Klingt sehr vertraut, oder? Für viele junge Menschen ist dies ein normaler und entspannter Mittwochabend. Für andere, vor allem für ihre Eltern, ist es ein Beweis für den Niedergang der Menschheit. "Du und dein Handy…", "Als ich in deinem Alter war, bin ich immer ausgegangen…", "Es ist immer dein verdammtes Handy…" Diese Art von Belehrung ist zu einer universellen Erfahrung innerhalb der Generationen geworden, die mit der Technologie aufgewachsen sind. Das ist unser Bild: ein junger Mensch, der im Dunkeln über einen leuchtenden Bildschirm gebeugt sitzt, emotional unerreichbar ist und den Verfall sozialer Fähigkeiten in Echtzeit demonstriert. Doch ist dieses Bild zutreffend? Hat die Integration der Technologie in den Alltag wirklich zu einer Verschlechterung unserer sozialen Kompetenzen geführt? Hat die Digitalisierung unserer Beziehungen stattgefunden, und hat sie unsere Fähigkeit, miteinander in Kontakt zu treten, ausgehöhlt?

Wir haben mit drei jungen Erwachsenen, der Leiterin eines Jugendzentrums und einem Psychologen gesprochen, und die Antwort auf unsere Frage ist wesentlich differenzierter, als es der Diskurs zu suggerieren versucht.

Die Bubble…

Mélanie, eine Musikstudentin, schildert ein Bild, das uns allen sehr vertraut ist: "Wenn [die Leute] ausgehen, sind sie nur mit ihren Handys beschäftigt. Ich habe schon oft in Zügen gesehen, dass man aus Langeweile einfach sein Handy in die Hand nimmt. Und dann, wenn man sich umschaut, schauen sie nicht mehr aus dem Fenster oder nehmen ein Buch in die Hand." Es ist unbestreitbar, dass digitale Werkzeuge - die Geräte und Plattformen, die wir meist in unseren Taschen tragen - viel Platz in unserem Leben einnehmen. Jessica schätzt, dass sie sie für 80 bis 90 Prozent ihrer täglichen Aktivitäten nutzt. Raquel hingegen schätzt etwa 50 Prozent, bevor sie hinzufügt: "Je nach Tag und Laune kann es zwischen 70 und 30 Prozent liegen." Keiner von ihnen ist sich der Anziehungskraft, die sie von ihren persönlichen Geräten ausüben, nicht bewusst. Mélanie beschreibt es klar und deutlich: "Alles ist so gemacht, dass es süchtig macht … Das ist ein großes Wort, aber trotzdem … wir sind immer darauf angewiesen, und alles ist so gemacht, dass wir immer wieder zum Telefon zurückkommen."
 

Mélanie Martins

Die traditionellen Ablenkungen scheinen an Beliebtheit zu verlieren. Aber diese vagen Zahlen sagen nichts Konkretes aus. Entscheidend ist, wofür die digitalen Werkzeuge genutzt werden. Jessica konsumiert nachts nicht passiv Online-Inhalte, sondern unterhält sich mit Bekannten und pflegt über Zeitzonen hinweg familiäre Beziehungen zu Cousins und Cousinen in Frankreich und auf den Kapverden. Mélanie nutzt ihr Ipad für Musiknotationen am Konservatorium, Nachrichten zur Pflege von Freundschaften und Videoanrufe mit entfernten Familienmitgliedern in Portugal. Digitale Geräte und Plattformen ersetzen das soziale Leben nicht. Für viele sind sie eine Infrastruktur, über die das soziale Leben heutzutage funktioniert.

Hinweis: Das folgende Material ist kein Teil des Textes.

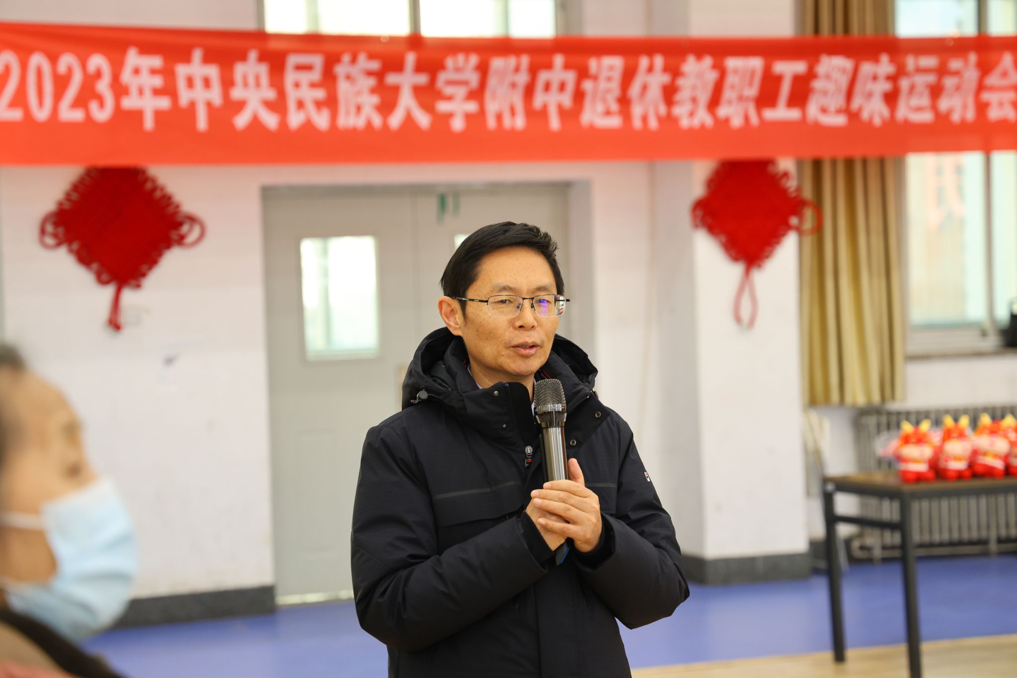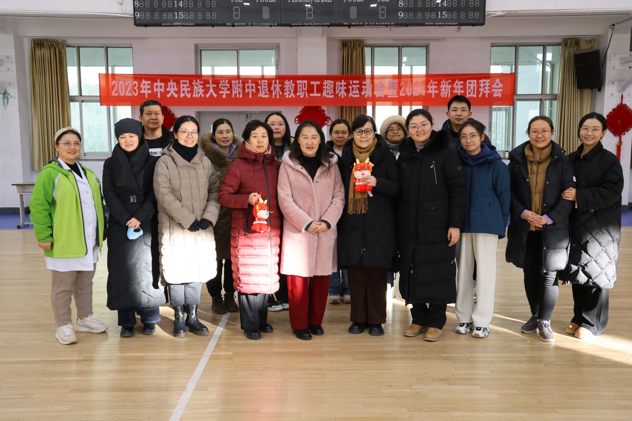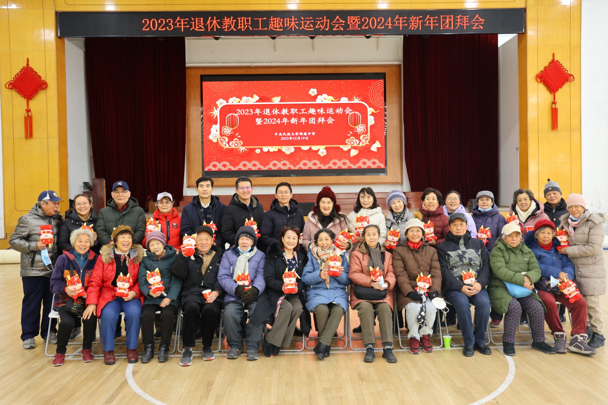 为丰富退休教职工的精神文化生活,增进退休教职工之间的友谊,更好地关心、关爱老干部,铸牢退休教职工中华民族共同体意识,构筑中华民族共有精神家园,2023年12月19日,我校在海淀校区风雨操场举办以“中华民族一家亲,同心共筑中国梦”为主题的退休职工趣味运动会暨2024年新年团拜会。学校党委副书记、校长唐洪波,党委常务副书记佟丽娟及其他在校校领导,部分中层干部,行政校友会、基金会幼儿园联合党支部党员,工作人员与退休教师们欢聚一堂,共叙情谊。活动由党委常务副书记佟丽娟主持。

Dr. André Melzer ist Psychologe mit Schwerpunkt Medien- und Sozialpsychologie und Leiter des Medien- und Experimentallabors an der Universität Luxemburg. Im Interview widerlegt er schnell die Vorstellung, dass Beziehungen digitalisiert werden.

"Ich glaube nicht, dass es eine eindeutige Definition der Digitalisierung von Beziehungen gibt - was übrigens suggeriert, dass alles, was sich geändert hat oder wie Beziehungen aufgebaut werden, auf die Digitalisierung zurückzuführen ist, was definitiv nicht stimmt."

Was wir erleben, so meint er, ist keine große Veränderung in der Art und Weise, wie Menschen miteinander umgehen, sondern die Einbindung eines neuen Mediums in unsere sozialen Gewohnheiten. Der entscheidende Unterschied liegt zwischen einer deterministischen und einer interaktionistischen Sichtweise. Die deterministische Sichtweise ist in jedem elterlichen Vortrag über Bildschirme impliziert. Die deterministische Sichtweise geht davon aus, dass die Technologie selbst, einschließlich sozialer Plattformen, das Verhalten der Nutzer*innen prägt, indem sie sie in oberflächliche und isolierte Individuen verwandelt. "Diese deterministische Sichtweise, insbesondere in der Medienpsychologie, ist nicht wahr. Was wir brauchen, ist eine interaktionistische Sichtweise", erklärt er schlicht. Menschen nutzen digitale Plattformen und Tools nicht passiv, sondern sie nutzen sie, weil sie bestimmte Motivationen erfüllen.

"Soziale Medien sind Werkzeuge, und es kommt immer darauf an, wie man diese Werkzeuge einsetzt […]. Wenn du einen Hammer und einen Nagel hast und dein Poster aufhängen willst, perfekt. Wenn du aber jemandem mit dem Hammer auf den Kopf schlägst, dann ist das schlecht, oder?"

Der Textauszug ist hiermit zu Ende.